Novel targeted therapies have increased the likelihood of cure and prolonged survival in many patients with advanced breast cancer (Table 1), but these new agents also carry toxicity profiles that vary greatly from those of traditional chemotherapy. During the ASCO20 Virtual Education Program, Alexandra Thomas, MD, FACP, an oncologist at Wake Forest Baptist Medical Center Comprehensive Cancer Center, in Winston-Salem, North Carolina, discussed ongoing efforts to balance the promise of therapeutic efficacy and treatment-related adverse events.1
CDK Inhibitors: Palbociclib, Ribociclib, and Abemaciclib
As Dr.

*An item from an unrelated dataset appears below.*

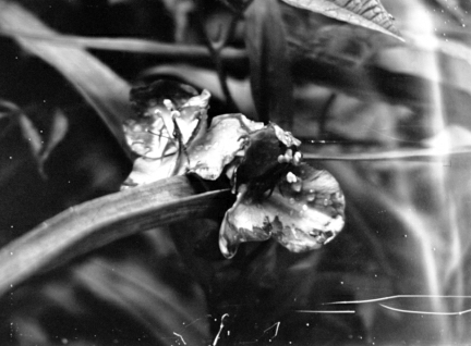 It is ortho film; I posted the spectral response curve (snazzy hat) a bit further up the page. It can be developed by inspection under a red safelight just as Fuji's large format double sided x-ray films. It also has a noticeable UV sensitivity. The stripes/banding on the flower petals below are only visible in UV.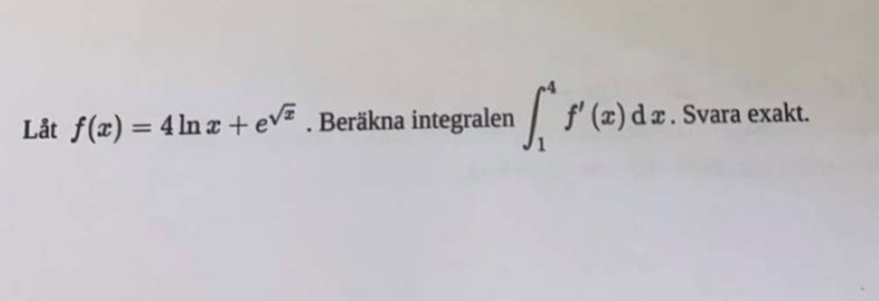Om man sätter in 4 och 1 i den primitiva funktionen får man (4ln4+e^4)-(4ln1+e^1)

Thomas reported, cyclin-dependent kinase (CDK) inhibitors are now standard of care in the first-line setting for advanced hormone receptor–positive breast cancer, with multiple studies having demonstrated both progression-free and overall survival benefit with the addition of CDK inhibition to antiestrogen therapy compared with antiestrogen therapy or chemotherapy alone.2 Because none of the three U.S. Food and Drug Administration (FDA)-approved agents in this class (palbociclib, ribociclib, and abemaciclib) have shown superiority over the other, however, specific toxicity profiles must be considered when selecting a CDK inhibitor for an individual patient.
One notable and frequent toxicity is neutropenia, said Dr. Thomas, who recommended regular, upfront monitoring that can be de-escalated over time. Because CDK inhibition is infrequently associated with febrile neutropenia, however, routine use of granulocyte colony-stimulating factor is not advised. The frequency of grade 3 and 4 neutropenia also decreases with extended therapy, suggesting cumulative toxicity is unlikely, said Dr. Thomas.
Abemaciclib is also associated with diarrhea, and ribociclib is associated with QTc prolongation and liver abnormalities. Dose reductions and monitoring are recommended for these side effects, said Dr. Thomas, who noted that dose reductions per guidelines are generally effective and do not appear to impact progression-free survival.
PI3K Inhibitor: Alpelisib
FDA approval of the first PI3K inhibitor for the treatment of breast cancer was based on data from the SOLAR-1 trial, which showed a median progression-free survival of 11 months with the addition of alpelisib to fulvestrant in patients with PIK3CA-mutated tumors vs 5.7 months for fulvestrant plus placebo.3
Notable adverse events seen with alpelisib were hyperglycemia, rash, and diarrhea, said Dr. Thomas, and more than 75% of patients who received alpelisib had grade 3 or 4 toxicity. Permanent discontinuation of the agent due to adverse events was seen in 25% of patients who received alpelisib and in 4.2% of those who received placebo.
PARP Inhibitors: Olaparib and Talazoparib
Two oral poly (ADP-ribose) polymerase (PARP) inhibitors, olaparib and talazoparib, are available for the treatment of advanced breast cancer in patients with known or suspected deleterious germline BRCA mutations, and both agents have demonstrated a progression-free survival benefit compared with single-agent chemotherapy in patients previously treated with chemotherapy in the neoadjuvant, adjuvant, or metastatic setting.4,5 Although an overall survival benefit was not demonstrated, said Dr. Thomas, follow-up was limited and crossover could have confounded these results.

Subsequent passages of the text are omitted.